What you copy should be the lines from the one with "The proposal intends" through the end of the entries, word for word. Omit the pictures.

• Supplied records
=== Begin Enclosure ===

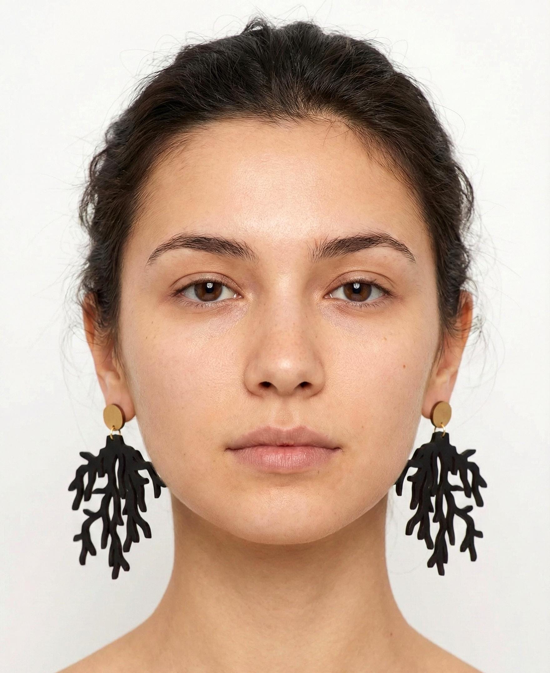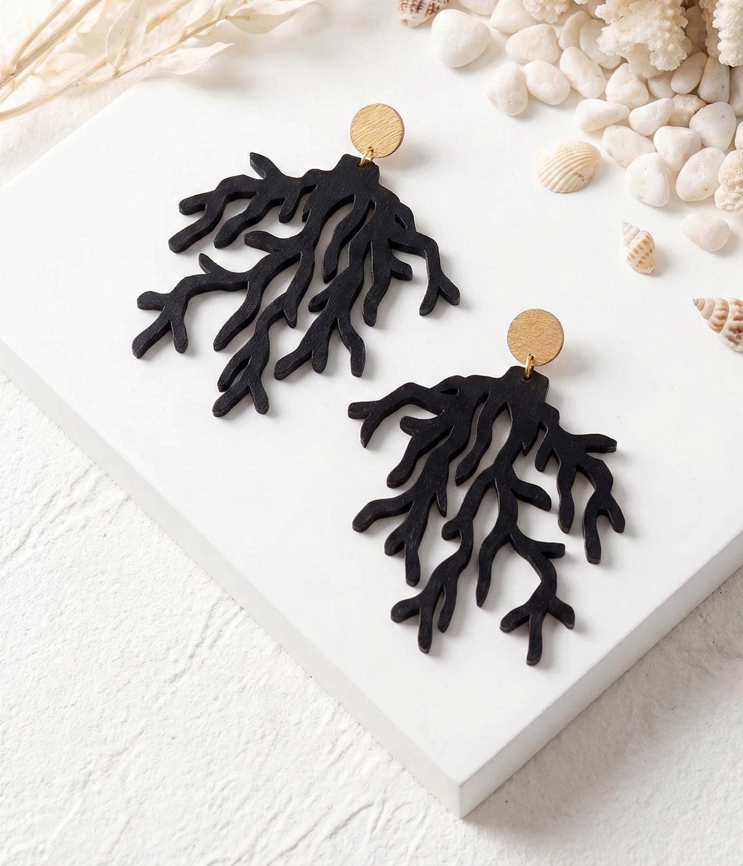 Make a bold and modern statement with these striking black organic dangle earrings. Inspired by natural forms such as coral branches, roots, and abstract botanical shapes, these earrings combine sculptural black silhouettes with warm gold tone studs for a refined yet artistic look.
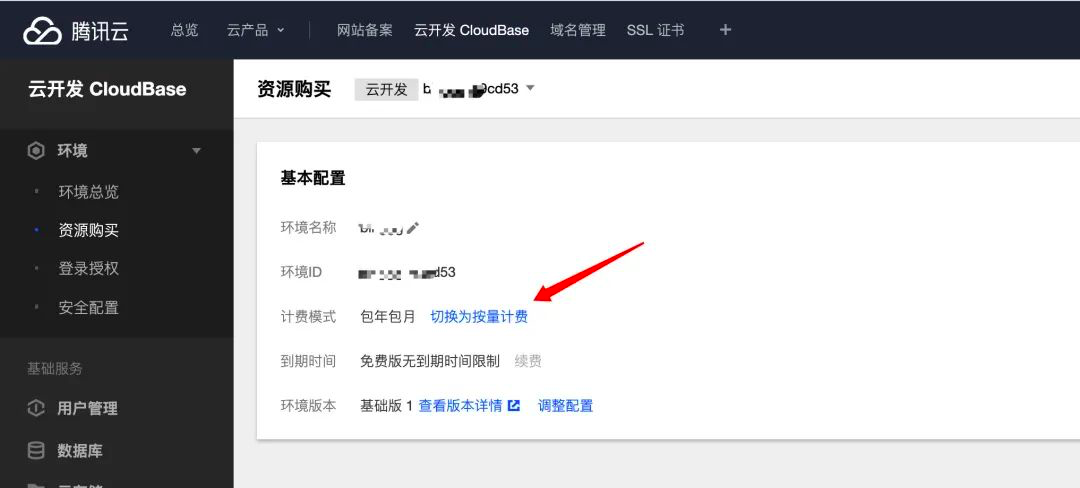 由于cms扩展需要静态网站托管资源,所以只能部署在现收现付的环境中,所以必须先将计费方式切换为现收现付。
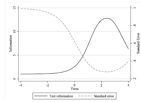 Using the test information function, the conditional errors of measurement (SE) were computed as presented in Equation 3. Contrary to CTT, where there is a single standard error of measurement for the scale, the (SE) in IRT shows the estimated error at different locations of the scale, making it possible to assess the level of imprecision in the measurement at different levels of θ.
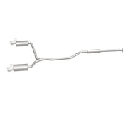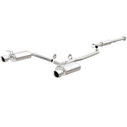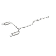 The MagnaFlow 2013-2017 Honda Accord Street Series Cat-Back Performance Exhaust System 19181 brings out the personality of your 3.5L 2013-2017 Honda Accord with our signature resonant, powerful engine tone and dyno-proven performance. Thanks to its fast-flowing, mandrel bent 2.25in. main piping and 3 Straight-Through mufflers ending in a Dual Split Rear exit with 4.5in. Polished Welded-On Double Wall Angle Cut Folded Edge tips, this Honda Accord exhaust kit has the performance chops to match its sporty sound and appearance. Upgrade your ride to the next level with an exhaust that has the pipes to put other Honda Accord's to shame. With this system your vehicle will be producing Moderate exterior and Mild interior sound levels while leaving other cars and trucks feeling envious at every stoplight. Exhaust kit 19181 features a cat-back layout that replaces your ride's stock exhaust components from near the catalytic converter on back. Extensive 3D scanning during development has resulted in a direct-fit design that you can easily install yourself. 19181 is produced using CNC precision robotic manufacturing techniques and is backed by MagnaFlow's 1-year limited finish warranty and limited lifetime construction warranty.
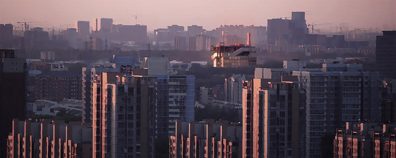 The proposal intends to present itself as a manifestation within the process of the new development and to function as a transitional model with permanent significance that hopefully could be transferred into future city designs of China. The superposition of components of the power plant above the existing structure reinforces the building’s demonstrating an expressive character, drawing attention regionally. A large steel structure was conceived to carry the mechanical components of the power plant but also to consolidate the building structure. Through inserting four “legs” which contain the vertical circulations, the metalwork manages to hold together the existing strucure and and the heavy machinery. Hovering over two normative rectangular structures, the steel structure becomes a generous canopy protecting the roof patio. From the city’s perspective, the openly displaying and framing of the power plant and its working mechanism transform the building into a giant showroom that sparks a closer dialogue between the architecture and the city.
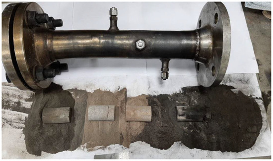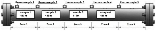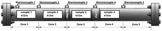 The experiments were carried out in a combustion tube with a 30 cm length and a 5 cm internal diameter (Figure 4 and Figure 5). The composite model was packed in a core holder. The first thermocouple was located directly at the input of the core holder, and each subsequent thermocouple was in front of the core samples.

=== End Enclosure ===

• Response
 The proposal intends to present itself as a manifestation within the process of the new development and to function as a transitional model with permanent significance that hopefully could be transferred into future city designs of China. The superposition of components of the power plant above the existing structure reinforces the building’s demonstrating an expressive character, drawing attention regionally. A large steel structure was conceived to carry the mechanical components of the power plant but also to consolidate the building structure. Through inserting four “legs” which contain the vertical circulations, the metalwork manages to hold together the existing strucure and and the heavy machinery. Hovering over two normative rectangular structures, the steel structure becomes a generous canopy protecting the roof patio. From the city’s perspective, the openly displaying and framing of the power plant and its working mechanism transform the building into a giant showroom that sparks a closer dialogue between the architecture and the city.
 The experiments were carried out in a combustion tube with a 30 cm length and a 5 cm internal diameter (Figure 4 and Figure 5). The composite model was packed in a core holder. The first thermocouple was located directly at the input of the core holder, and each subsequent thermocouple was in front of the core samples.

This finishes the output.